(Stored records)
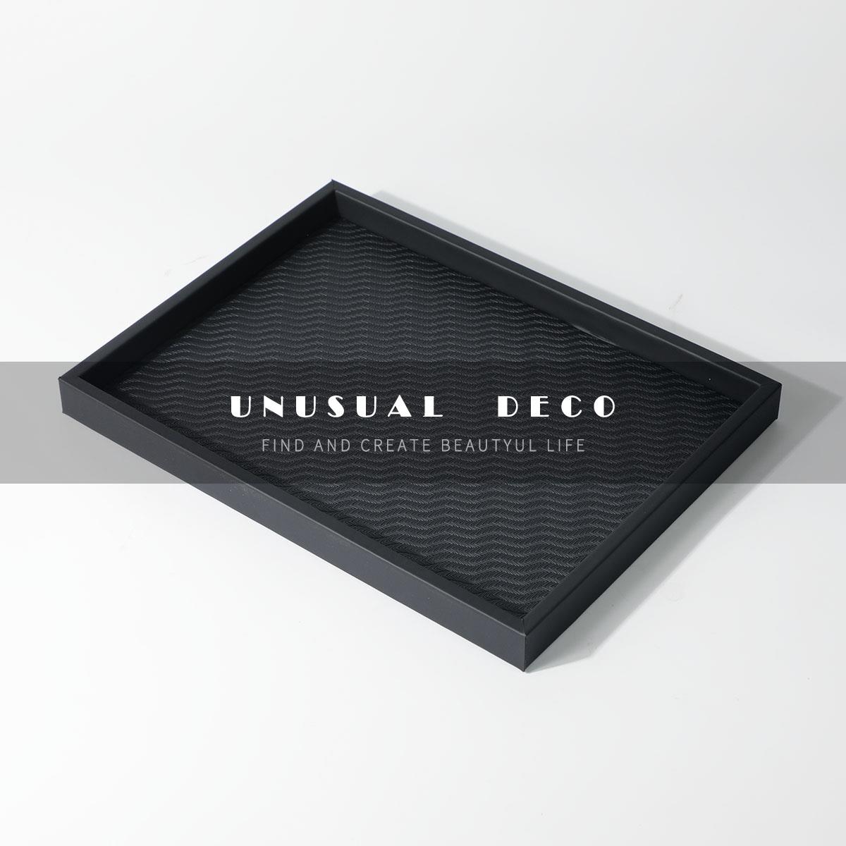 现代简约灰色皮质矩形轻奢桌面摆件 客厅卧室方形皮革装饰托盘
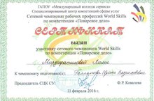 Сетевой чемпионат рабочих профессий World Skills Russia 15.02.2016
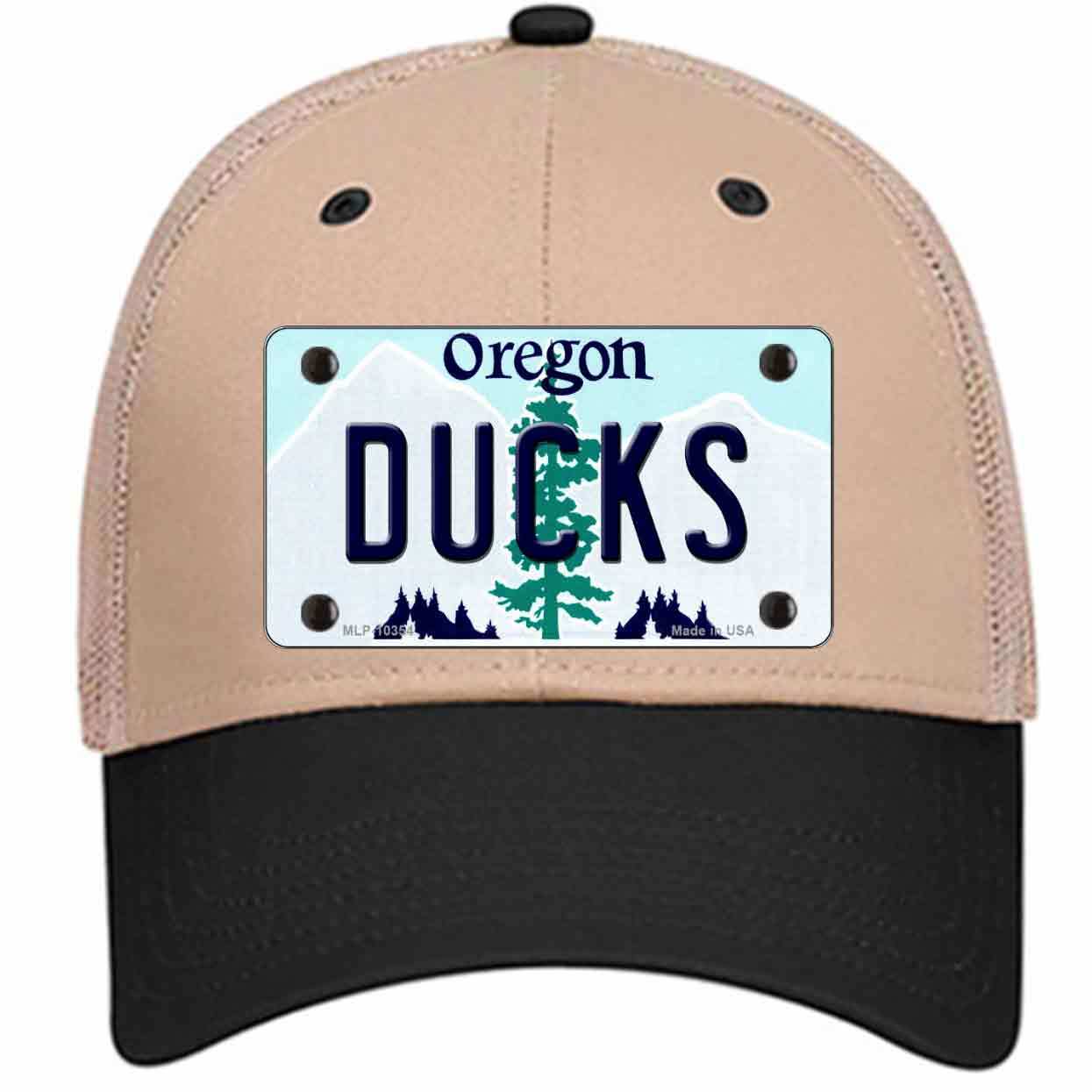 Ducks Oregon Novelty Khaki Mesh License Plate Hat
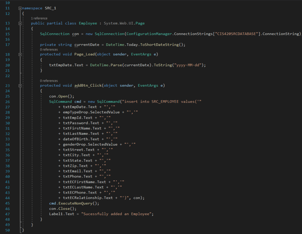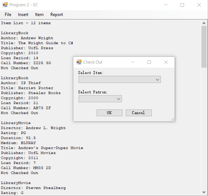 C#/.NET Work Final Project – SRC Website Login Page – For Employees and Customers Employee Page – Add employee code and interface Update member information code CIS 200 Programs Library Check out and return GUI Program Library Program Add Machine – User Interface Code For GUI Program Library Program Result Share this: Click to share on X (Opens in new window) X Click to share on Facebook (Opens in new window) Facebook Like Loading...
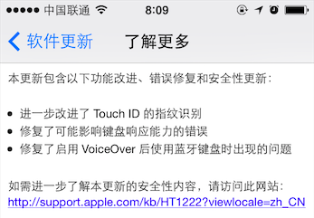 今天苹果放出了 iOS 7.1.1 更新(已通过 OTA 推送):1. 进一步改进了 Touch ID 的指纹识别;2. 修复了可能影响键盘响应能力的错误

* **WHAT THE TASK REQUIRES**
Give the records again without a single change, and exclude the pictures.

* **WRITTEN RESPONSE**
 现代简约灰色皮质矩形轻奢桌面摆件 客厅卧室方形皮革装饰托盘
 Сетевой чемпионат рабочих профессий World Skills Russia 15.02.2016
 Ducks Oregon Novelty Khaki Mesh License Plate Hat
 C#/.NET Work Final Project – SRC Website Login Page – For Employees and Customers Employee Page – Add employee code and interface Update member information code CIS 200 Programs Library Check out and return GUI Program Library Program Add Machine – User Interface Code For GUI Program Library Program Result Share this: Click to share on X (Opens in new window) X Click to share on Facebook (Opens in new window) Facebook Like Loading...
 今天苹果放出了 iOS 7.1.1 更新(已通过 OTA 推送):1. 进一步改进了 Touch ID 的指纹识别;2. 修复了可能影响键盘响应能力的错误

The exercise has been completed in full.